### [SUPPLIED DATA]
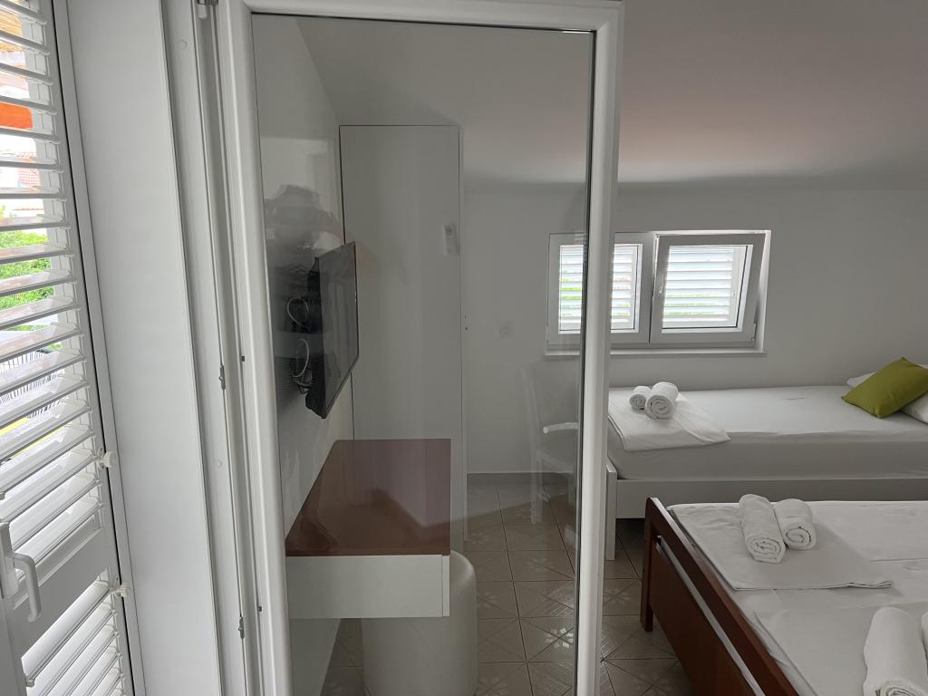 Fully furnished apartments near the city center in a quiet street, the second row of mora.Objekt is located 3 minutes walk to the city center and 5 minutes walk to plaže.Objekt has a lot of greenery and shade, and offers guests enjoy a spacious lawn terasama.Veliki suitable for play djece.Parking for cars in hladu.Turisti can use the grill in the backyard. The hosts are friendly and hospitable, and his experience of over 35 years in tourism guarantee our guests the best service.
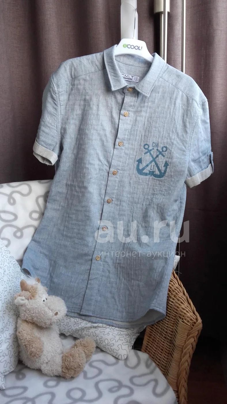 Рубашка на мальчика. Фирма SMLT. Цвет голубо-серый, размер S (от плеча до плеча 46см, длина 70см, ширина 49см. Все вопросы пишите на почту.
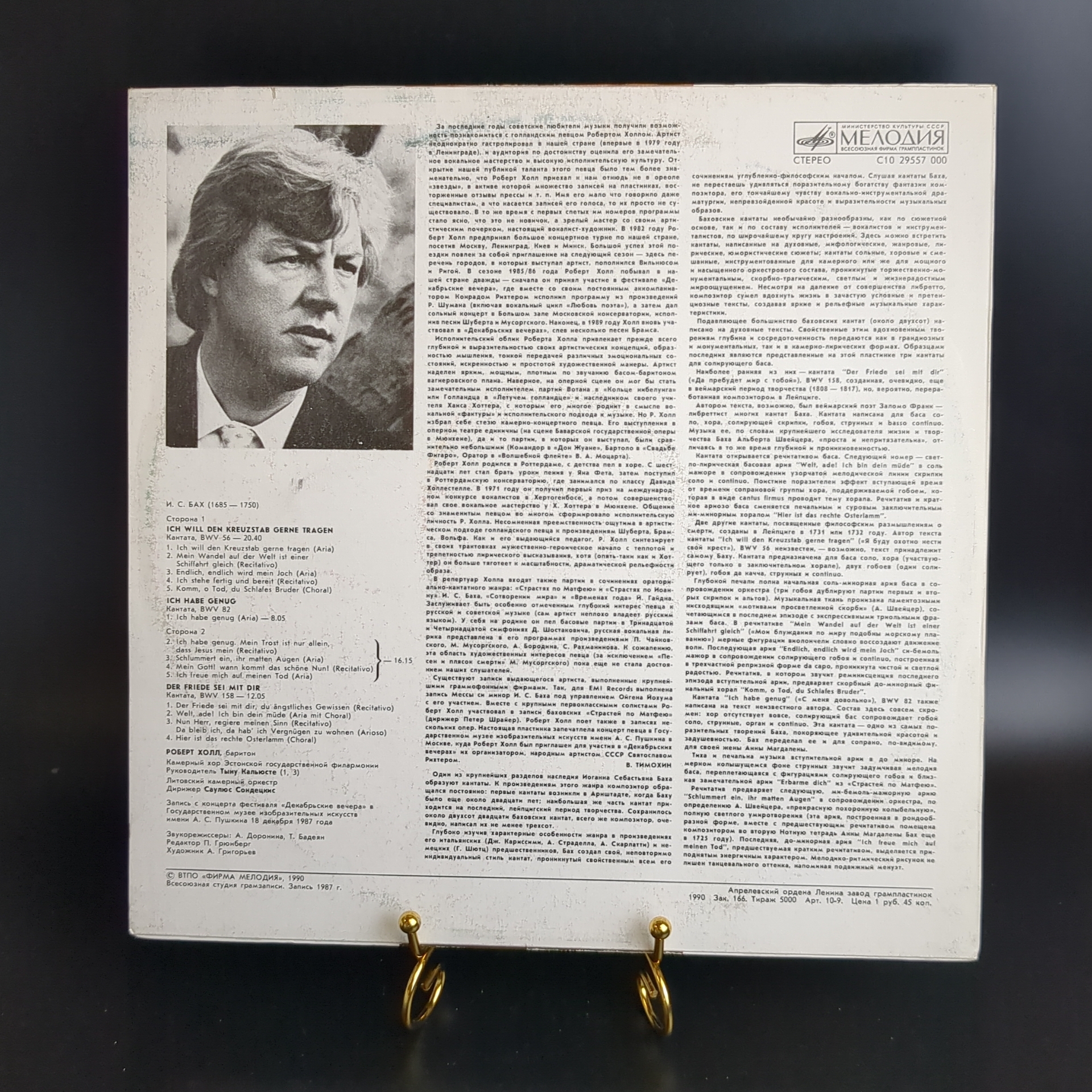 LP Роберт Холл баритон На концертах выдающихся мастеров виниловая пластинка 12 дюймов Камерный хор эстонской филармонии, И.С. Бах кантанты BWV 56,82,158, классика, винтаж СССР Мелодия 1990 год. Классическая музыка на виниле. Конверт: EX Диск: EX

### [ASSIGNMENT]
Nothing but the pictures is to be left out; repeat the data exactly.

### [RESULT FOR THIS TASK]
 Fully furnished apartments near the city center in a quiet street, the second row of mora.Objekt is located 3 minutes walk to the city center and 5 minutes walk to plaže.Objekt has a lot of greenery and shade, and offers guests enjoy a spacious lawn terasama.Veliki suitable for play djece.Parking for cars in hladu.Turisti can use the grill in the backyard. The hosts are friendly and hospitable, and his experience of over 35 years in tourism guarantee our guests the best service.
 Рубашка на мальчика. Фирма SMLT. Цвет голубо-серый, размер S (от плеча до плеча 46см, длина 70см, ширина 49см. Все вопросы пишите на почту.
 LP Роберт Холл баритон На концертах выдающихся мастеров виниловая пластинка 12 дюймов Камерный хор эстонской филармонии, И.С. Бах кантанты BWV 56,82,158, классика, винтаж СССР Мелодия 1990 год. Классическая музыка на виниле. Конверт: EX Диск: EX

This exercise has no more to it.